RE: New tech writer employment tips?

Subject: RE: New tech writer employment tips?
From: Regina Lynn Preciado <rlp -at- wwwritingonline -dot- com>
To: "TECHWR-L" <techwr-l -at- lists -dot- raycomm -dot- com>
Date: Wed, 2 May 2001 10:13:20 -0700

Writing ability, dedication (meet those deadlines!), and networking have been my strongest assets as I transition from tech writing 25% of the time to tech writing 90% of the time. Being an oldest child helps -- I have a lifetime's experience Explaining Stuff -- and getting along with engineers, not to mention communicating with them, is essential.

As for tools, it's easy to "borrow" software from a friend who has her own so you can learn the programs. If you don't know any other tech writers in person, meet some. The National Writers Union ( has an active Business, Information, Technical, and Engineering (BITE) division, particularly in the bay area. Write to andreas -at- andreas -dot- com for info on the SF/Peninsula BITE chapter AFTER you do some research about NWU on your own. We've also all heard about the STC although I admit I haven't tried it out yet.

When you get a job you'll use your employer's licensed copy of whatever software it uses. If you're freelance, buy your own. It's a deductible business expense and a necessary tool of your trade. RoboHELP costs $500, Framemaker (without SGML) runs about $800; you already have Office, I'm sure. A good project for learning RoboHELP is to write instructions for a game, complete with TOC and Index (thanks Mary for the idea!). Also, most of these programs include tutorials, which not only help you learn the program, they remind you what it's like to be an end user. Ironically, so far all my documentation projects have only required Word...
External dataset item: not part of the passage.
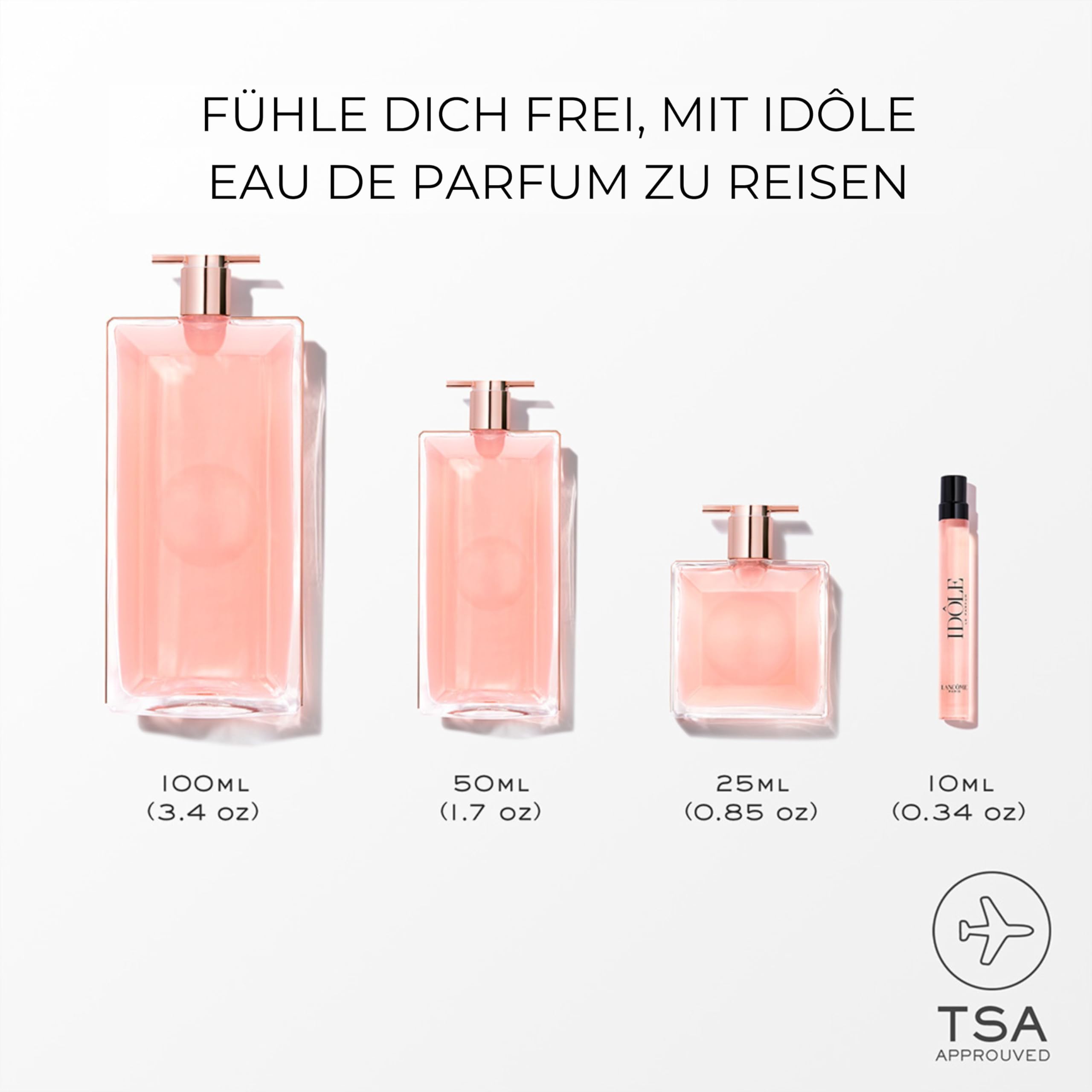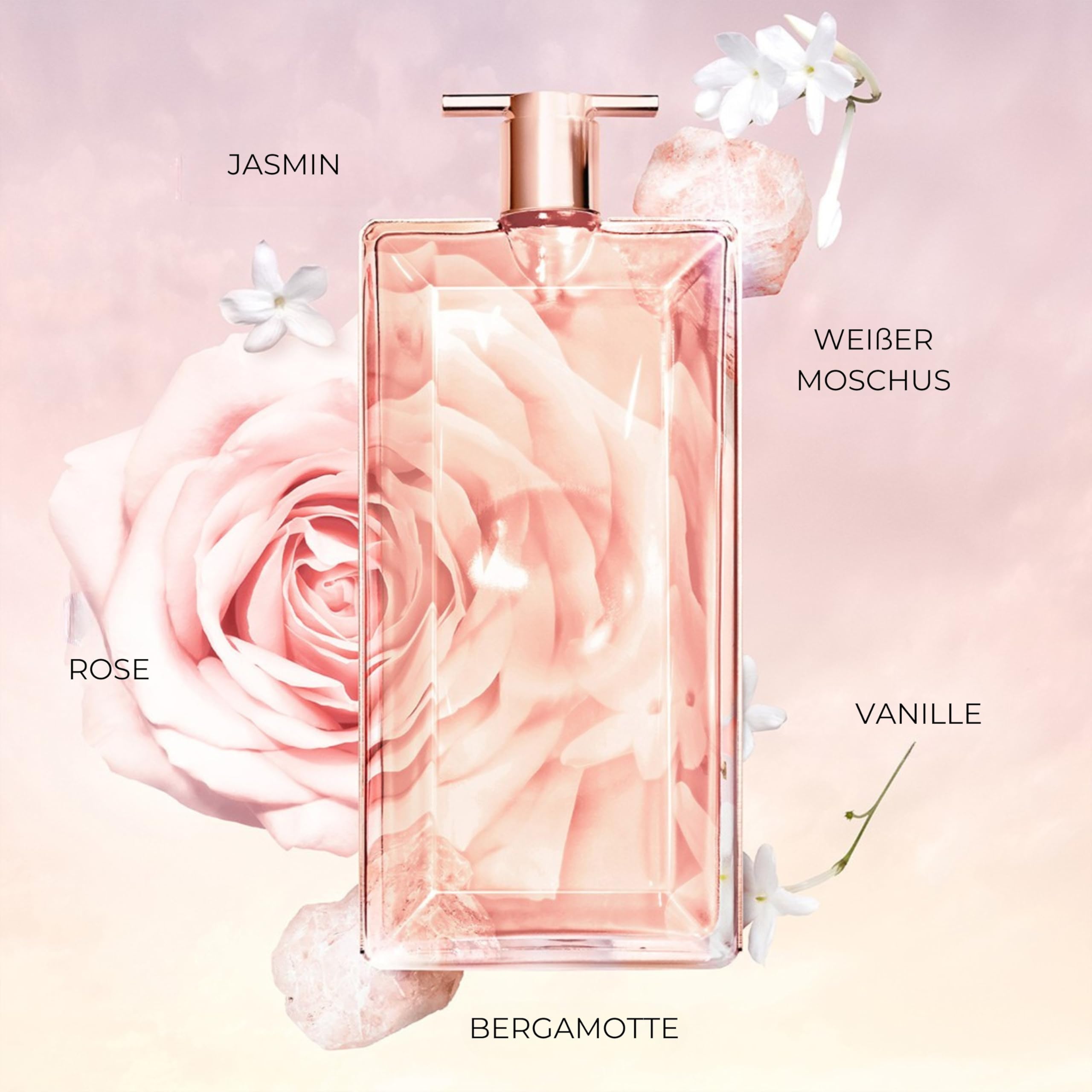 Lancôme Idôle Eau de Parfum, femininer, strahlender Duft mit Rose, Jasmin und Chypre-Akkord, nachhaltig und nachfüllbar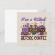 Cast a spell on your morning with this enchanting greeting card featuring the phrase “I'm A Witch Before Coffee.” Adorned with cute Halloween-themed coffee brews, like jack-o’-lantern cups, ghost lattes, and witchy mugs, this whimsical design is perfect for anyone whose magic doesn’t kick in until after their first sip. A fun and festive tribute to spooky season and caffeine cravings!

HTML you can learn in a day for free using Webmonkey, DevHead, or Project Cool. Or buy Laura Lemay's "Web Publishing with HTML in 21 Days" book.

I post my resume and writing samples online not because I think my having a site will impress anyone but because it's the easiest way to refer people to them. I also keep the resume in Word/PDF and ascii (for emailing), and I have a physical portfolio. All of which reminds me that my online resume is outdated and the physical portfolio is bursting at the seams, so I'm outta here to take care of that while I can.

One last note -- all my tech writing gigs have come through networking, both in person and online.

Hope this helps!


Regina Lynn Preciado
Word Wrangler * Digital Nomad
Poke the Bunny!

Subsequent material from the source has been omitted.